**Work to be completed**
Only the lines below from the one with "Los preparativos del Congreso" through the one with "Cena zemního plynu" are to be written out, exactly and without any images.

[Entries taken from a collection]
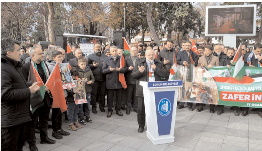
Eylem yapılan dua ile sona erdi.
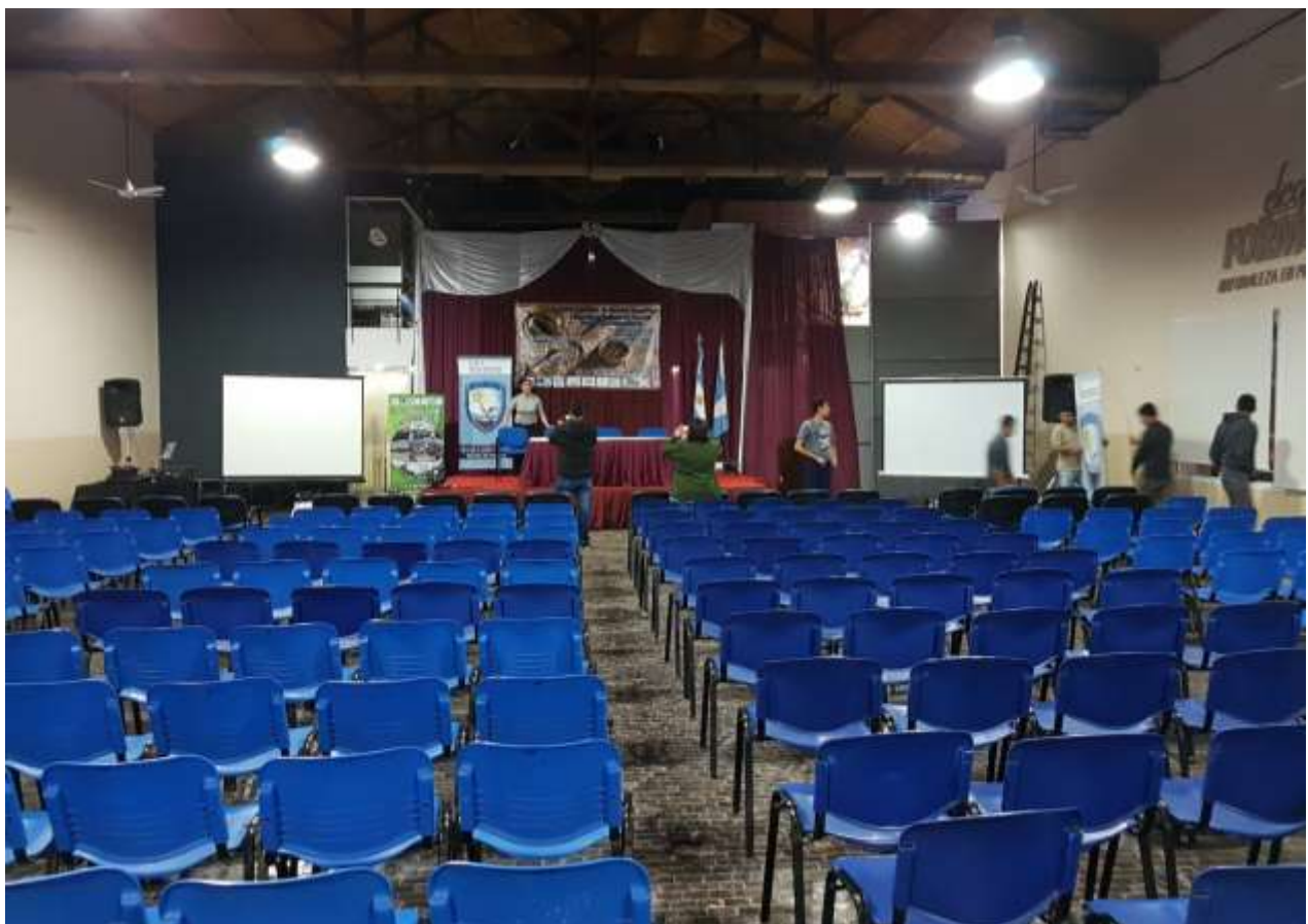
Los preparativos del Congreso
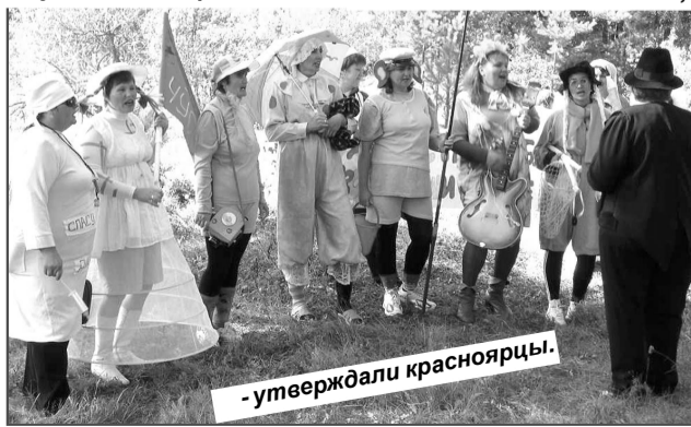
– утверждали красноярцы.

«Чудачество и ребячество – наши главные качества»,
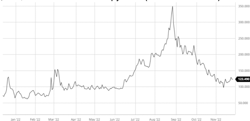
Cena zemního plynu v EU (Dutch TTF Gas Dec '22)

pro zemní plyn. Činí 275 eur a měl by se týkat jen termínových kontraktů na následující měsíc. Podle představ Komise se nicméně spustí jen ve chvíli, kdy plyn v Evropě bude o 58 eur dražší než průměrná cena LNG na světovém trhu. Většina zemí EU s jeho výší však nesouhlasí, jednat by se mělo znovu 13. prosince. Naproti tomu na společných nákupech plynu, vzájemné solidaritě a rychlejším povolování obnovitelných zdrojů energie se ministři zemí EU v zásadě shodli. Zdroje: ldnes.cz , Novinky.cz , barchart.com
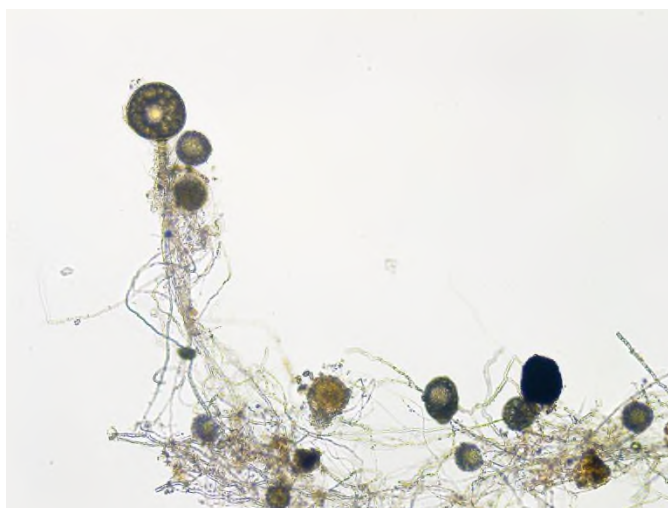
Slika 4. Glomus iranicum var. Tenuihypharum

Treća i posljednja prednost je da “Symborgova ekskluzivna gljiva” ima visoku otpornost na slane uvjete jer se može razviti čak i u uvjetima kada pH iznosi 4-9, što govori da osigurava toleranciju na salinitet s obzirom na stalnu upotrebu gnojiva. (Symborg, 2023.)
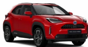
3U5 Érzéki vörös Egyedi Elérhető az Active, Comfort és Executive felszereltségeknél 195 000 Ft
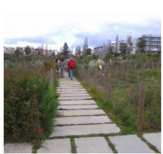
Foto 7 - Volkstuinenpark Quinta da Granja, Lissabon, Portugal.
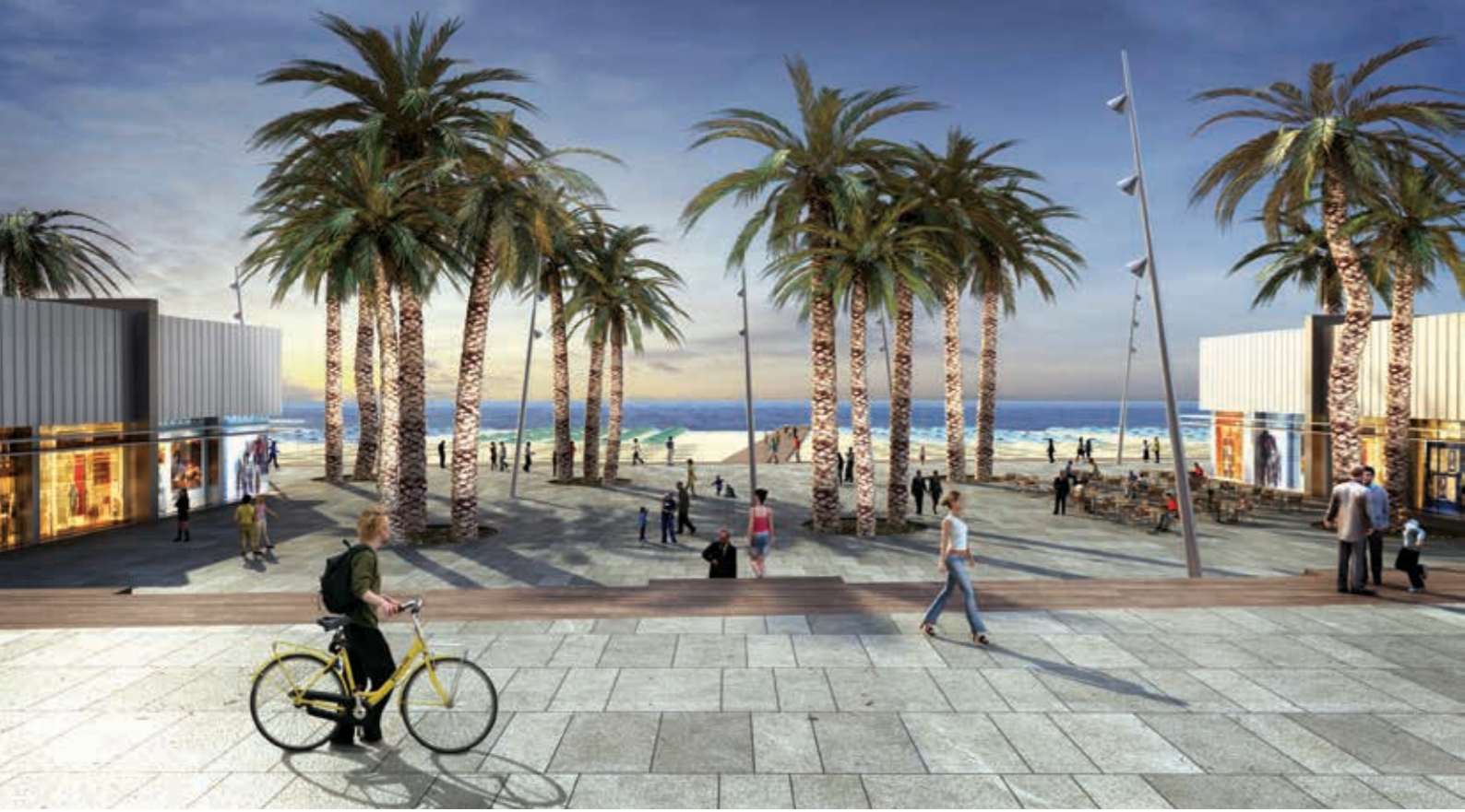
למעלה: טיילת עירונית בחוף הצפוני בעמוד מימין: תכנית אסטרטגית למרחב החוף אשדוד על רקע תצ"א (2013)

**Answer for the task**
Los preparativos del Congreso
– утверждали красноярцы.

«Чудачество и ребячество – наши главные качества»,
Cena zemního plynu v EU (Dutch TTF Gas Dec '22)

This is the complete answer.